朔も少し照れくさくなったのか、また咳払いをする。
「じゃあ、最後凪だな」
凪が姿勢を正す。
少し緊張したような表情を浮かべた。
朔は少し考えてから、言葉を選んで話す。
「凪は……物静かな奴だなと思ったな」
それから少し笑って、
「ここまで天然だとは思わなかった」
そう零す。
「え……?」
凪は意外そうな顔で朔を見た。
「てんねん……?」
「だから、お前はそれが天然なんだって!」
陽が凪を指差す。
少しだけムッとした表情で凪は陽を見る。
「陽に言われたくない」
「お前……それどういう意味だよ……」
陽は微妙な表情をした。
そこへ朔が割り込んでくる。
「お前ら、喧嘩をするな。
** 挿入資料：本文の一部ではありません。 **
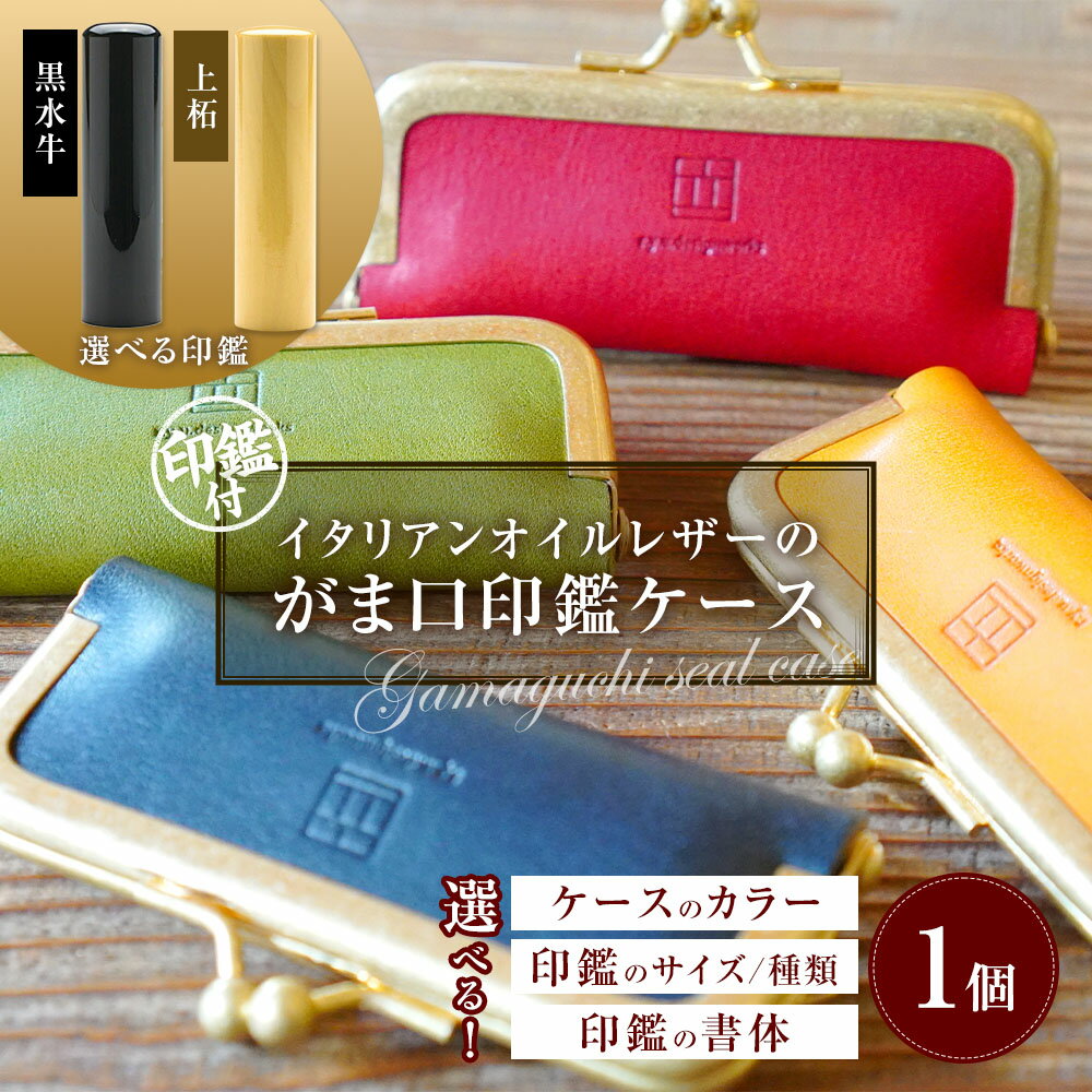 【ふるさと納税】<選べるカラー・サイズ・印材>実印 イタリアンオイルレザーのがま口印鑑ケース付き グリーン・イエロー・レッド・ネイビー 13.5mm・15mm 黒水牛 上柘 てん書体 印相体 楷書体 古印体 行書体 隷書体 ハンコ 銀行印 認印 送料無料
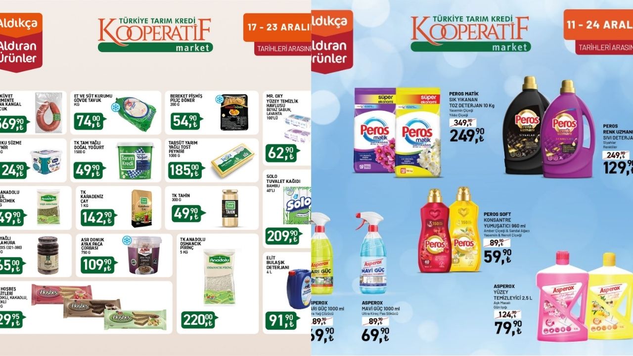 Tarım Kredi Kooperatif Marketleri'nde bu hafta binlerce ürün raflarda indirimli fiyatlarıyla yerini aldı. 17-23 Aralık aktüel kataloğunda temel gıdadan temizlik malzemelerine kadar pek çok ürün, bütçe dostu fiyatlarla müşterilere sunuluyor.

陽、凪の第一印象」
「え……」
陽は目を逸らして、気まずそうにもじもじする。
「……凪、怒んなよ?」
「?怒んないよ」
「……ほんとに?」
確認する陽に凪は困ったように息を吐いた。
「怒んないって」
それでもまだ、躊躇するように陽は恐る恐る小声で言った。
「……可愛い子だなって思ったら、男でショックだった……」
凪の表情が一瞬固まる。
ぷっと吹き出すように笑ったのは、朔も奏もほぼ同時だった。
「お前……バカか?」
おかしそうに笑う奏を陽は睨んだ。
「だってさぁ……可愛かっただろ?中学生の凪」
そう言われて、奏は真顔に戻る。
「……いや、まぁ……うん……いや……」
否定も肯定もせず、奏は言葉に詰まる。
そこへ。
「陽?」
凪の鋭い声が飛ぶ。
「ふぇっ?」
陽が情けない声をあげて、凪を振り返る。
にこにこと笑った顔は有無を言わせない迫力があった。
「な、凪っ、お前、怒んないって……」
「怒ってないよ?」
被せ気味に答える。
「ね?怒ってないよ?奏?」
陽の次に視線を向けられ、奏はギクッとして顔を逸らす。
「俺は……なんも言ってねぇ……」
凪の唇の端がゆっくりと持ち上げられる。
「そうだね?まだなんにも言ってないね?俺の第一印象」
普段と違って少し圧のある凪に奏は押された。
「そ、そうだぞ!奏も言えよっ」
陽も必死に矛先を奏に向けさせようとする。
奏はテーブルに肘をついて、その上に顔を乗せる。
そっぽを向いたまま、目線だけを僅かに凪へ向けた。
「……天使」
「「は?」」
朔と陽の声が重なる。
凪は怒りも忘れたのか、驚いた表情で息を呑んだ。
「え……?」
「天使みてぇだと思ったんだよ、バカみてぇだけど」
ぶっきらぼうに返して奏はまた視線をずらした。
朔と陽は恐る恐る凪を見た。
圧ある笑みから、いつもの柔らかい笑みに変わっていた。
「……機嫌治ってら……」
陽が呟くと、凪は再び陽に視線を向ける。
「陽の俺への第一印象、よーく覚えたからね」
「ひぇっ」
陽は肝の冷える思いで身を縮こまらせた。
朔はなんとも言えない複雑な思いで溜め息を吐いて、資料をトントンと整えた。